Comment 12 Rich Felker 2012-10-04 17:55:54 UTC
I agree that it's ridiculous to try to fix a hardware bug like this. The kernel really should just refuse to do SMP on broken hardware like this unless it can do a transparent workaround in kernelspace. Then AMD can deal with replacing all the broken CPUs they sold when people start complaining that SMP no longer works. Atomic ops being broken and needing workarounds is not part of the x86 or x86_64 ABI.

With that said, it would be nice to understand the bug. Is is that lock-prefixed read-modify-write operations (like "lock;inc (%reg)") get reordered with respect to xchg or lock-prefixed cmpxchg? Or is it only non-lock-prefixed read-modify-write operations (like "inc (%reg)") that are getting reordered with respect to the latter?
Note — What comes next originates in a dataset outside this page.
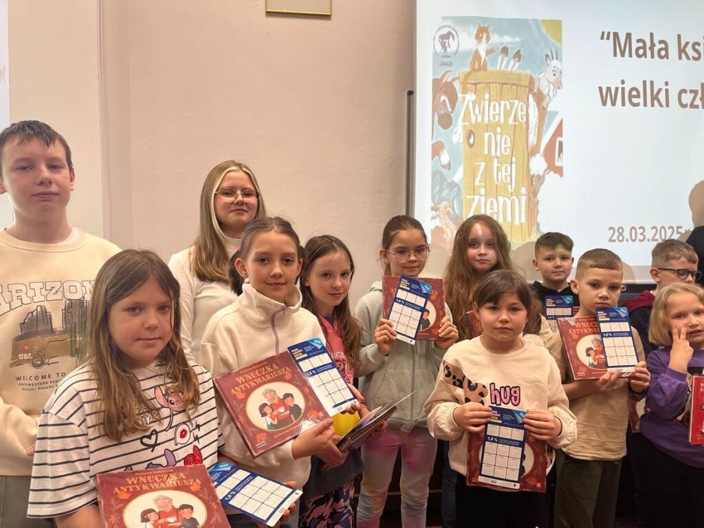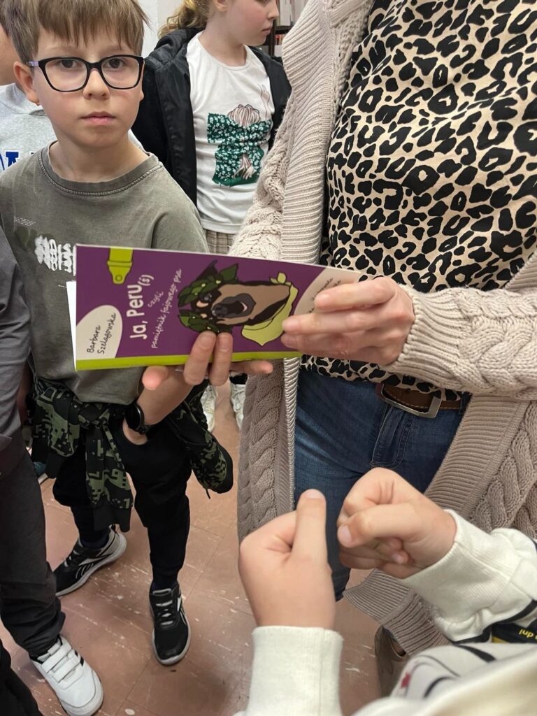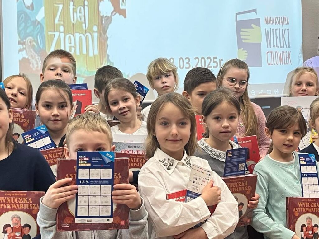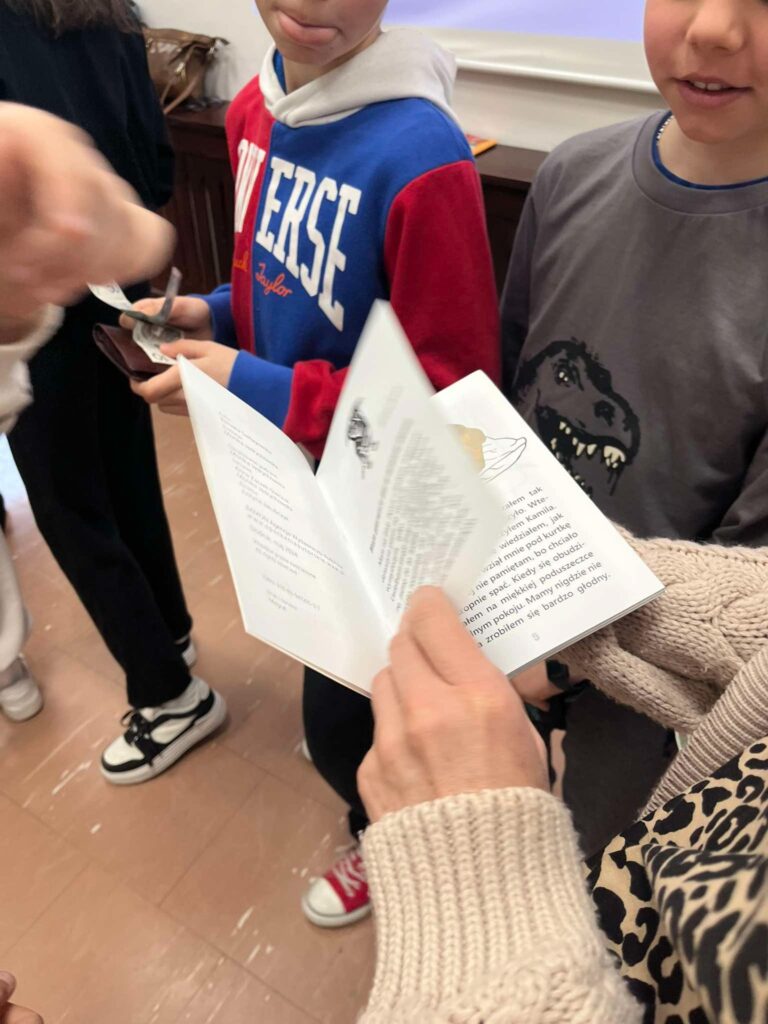 Na zakończenie spotkania każde dziecko otrzymało książkę „Wnuczka antywariusza” Justyny Bednarek broszurę dla rodziców nt. roli głośnego czytania dzieciom oraz zakładkę kalendarzyk z funadcji „Cała Polska Czyta Dzieciom”, która wspiera naszą szkołe w działaniach na rzecz rozwoju czytelnictwa.
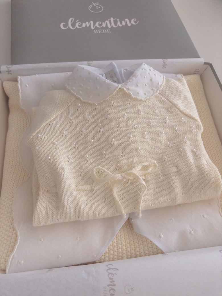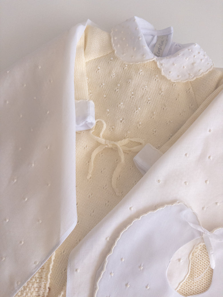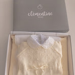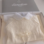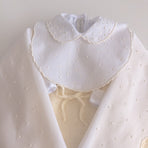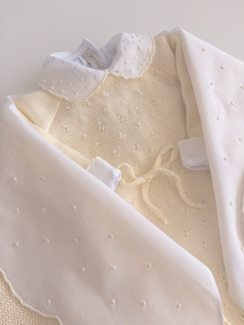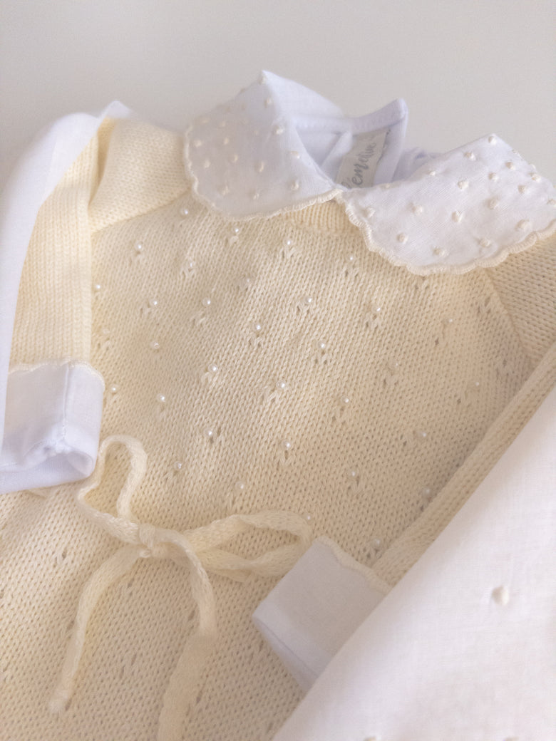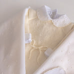The jumpsuit is delicately adorned with pearls, adding a touch of elegance and sophistication to your baby’s look. Made from soft, breathable fabrics, it ensures maximum comfort for newborns. The set includes a beautiful cotton bodysuit, featuring a smocked collar that adds sweetness and refinement, standing out with its intricate honeycomb-like pattern. This classic detail brings both charm and timeless elegance to the ensemble.

I don't think there's any workaround that would not incur significant costs on non-broken systems, and even if there were, I think "fixing" this is wrong in principle.
Comment 13 Florian Weimer 2014-06-13 14:29:07 UTC
I don't think we can fix such hardware errata, certainly not without support from the CPU vendor.

In this particular case, the affected CPU was released in 2005, so it is not very likely this part is available anymore.